We have the PC Elite black card,,,and as others,,we put everything on it. The only time I dont is if some of our take outs give 10-20% off with cash,,,well that is always better then the card. But everything that makes sense goes on the card. We are between 800-1200 a year back in points,,,little less now since kids are not in daycare,,,and we could put daycare on there as well.
Currently collecting to have GCs for Hawaii and pay room tax and a few drinks with them.
This is why I am almost non existent with AM,,,that and there never seems anything with AM in my area anymore.


----------



## ilovetotravel1977

@mort1331 plus I would save $130 or whatever the BMO card’s annual fee is since PC ones are no-fee.


----------



## mort1331

Good Morning,,,ITS WEDNESDAY....you know what to do....have a great day.


----------



## mort1331

Late in the day for a reminder,,,hope you all save


----------



## tinkerone

mort1331 said:


> Late in the day for a reminder,,,hope you all save


I did not heed your warning last week, forgot and lost 3 offers I had wanted to save.  Thanks for the reminder now, I didn't even realize it was Wednesday.  
Good thing someone is watching out for us.


----------



## flower_petals

Shopper's has 7500 pts on every $50 Netflix or Uber eats cards until Friday.  I will be grabbing a few of each and add them to my accts.


----------



## tinkerone

flower_petals said:


> Shopper's has 7500 pts on every $50 Netflix or Uber eats cards until Friday.  I will be grabbing a few of each and add them to my accts.View attachment 663895


Thanks for the reminder.  That helped with my AM offer of spend $750 on my MC.  $150 down, $600 to go.


----------



## bgula

I have an Esso offer of 1000 pts for $20, plus one for 2000 pts for $20.  If I do this offer, do I get both?


----------



## mort1331

flower_petals said:


> Shopper's has 7500 pts on every $50 Netflix or Uber eats cards until Friday.  I will be grabbing a few of each and add them to my accts.View attachment 663895


of course they do,,,,I just bought $60 one because ours was expiring monday. Oh well,,,will still buy and stock up. Thanks


----------



## ilovetotravel1977

bgula said:


> I have an Esso offer of 1000 pts for $20, plus one for 2000 pts for $20.  If I do this offer, do I get both?

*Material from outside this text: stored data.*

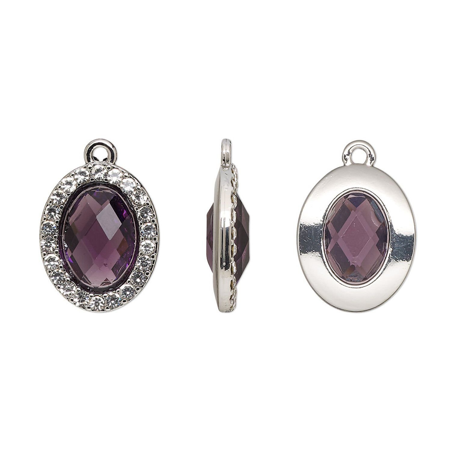 Drop, glass / glass rhinestone / imitation rhodium-finished "pewter" (zinc-based alloy), clear and transparent amethyst purple, 19x15.5mm single-sided oval. Sold per pkg of 2.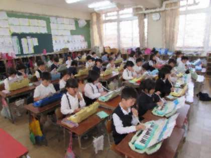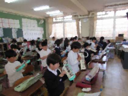 2年生の音楽の学習の様子です。鍵盤ハーモニカを使って、「かえるのがっしょう」を演奏しています。グループに分かれて、「おいかけっこ」を楽しんでいます。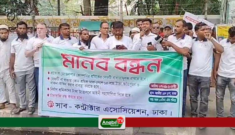 মানববন্ধনে উপস্থিত ছিলেন মোঃ আব্দুর রহিম, সভাপতি, সাব-কন্ট্রাক্টার এসোসিয়েশন, ঢাকা,মোঃ ফারুক, সাধারণ সম্পাদক, সাব-কন্ট্রাক্টার এসোসিয়েশন, ঢাকা, মোঃ মোশারফ হোসেন সিনিয়র সহ-সভাপতি সাব-কন্ট্রাক্টার এসোসিয়েশন, ঢাকা, মোঃ মঞ্জুরুল ইসলাম সিনিয়র সহ-সভাপতি সাব-কন্ট্রাক্টার এসোসিয়েশন, ঢাকা। বক্তারা মানববন্ধনে বিভিন্ন দাবি তুলে ধরে।

I have never received an ESSO offer through the program. Interesting.


----------



## mort1331

Now I have to chase points from purchase of netflix cards. Submitted over the weekend with all numbers right. Recieved an email today saying we dont see any purchase that maybe the pc opt card wasnt entered. Its attached to my MC and the number show up on the reciept. 
UGHHH
for the most part PC  points work great for us,,,but thse minor hic cups are a PIA


----------



## tinkerone

mort1331 said:


> Now I have to chase points from purchase of netflix cards. Submitted over the weekend with all numbers right. Recieved an email today saying we dont see any purchase that maybe the pc opt card wasnt entered. Its attached to my MC and the number show up on the reciept.
> UGHHH
> for the most part PC  points work great for us,,,but thse minor hic cups are a PIThe


Points for GC's at Shoppers, for some stupid reason, takes a few weeks to show up.  I bought 3 of the Netflex on the weekend and the points didn't show as well.  I wouldn't worry about it for a bit.  I will post back when my points do show just in case there is an issue with you still not getting them.  
I have, as I always do with Shoppers, kept the flyer and the purchase reciept just incase.


----------



## mort1331

Good Morning all,,,Had my coffee already,,,its |Wed,,,,save those offers.


----------



## tinkerone

mort1331 said:


> Good Morning all,,,Had my coffee already,,,its |Wed,,,,save those offers.


Because I didn't heed your warning last week, I have nothing good to save, lol.
Thanks for the reminder.  I'll never put it off again.


----------



## hdrolfe

mort1331 said:


> Good Morning all,,,Had my coffee already,,,its |Wed,,,,save those offers.



I thought it was Tuesday so thanks


----------



## FigmentSpark

I just got this email.  Not sure if it's targeted or for everyone:


----------



## tlcdoula

Has anyone shopped at superstore this week and got the 25,000 points for spending $100 on "Home, electronics, toys, baby, cosmetics, health and beauty, Joe fresh apparel, lawn & garden and pharmacy"?  If so what have you purchased?

I find it harder to be sure of my points at superstore because there is always a line and it is so busy.  I am thinking I could stock up on hand soap, deodorant etc,.  I wonder if Dish soap would be included but am thinking know.  I do have a special offer for dawn dish soap but I assume that will not count.


----------



## youngdeb12

tlcdoula said:


> Has anyone shopped at superstore this week and got the 25,000 points for spending $100 on "Home, electronics, toys, baby, cosmetics, health and beauty, Joe fresh apparel, lawn & garden and pharmacy"?  If so what have you purchased?
> 
> I find it harder to be sure of my points at superstore because there is always a line and it is so busy.  I am thinking I could stock up on hand soap, deodorant etc,.  I wonder if Dish soap would be included but am thinking know.  I do have a special offer for dawn dish soap but I assume that will not count.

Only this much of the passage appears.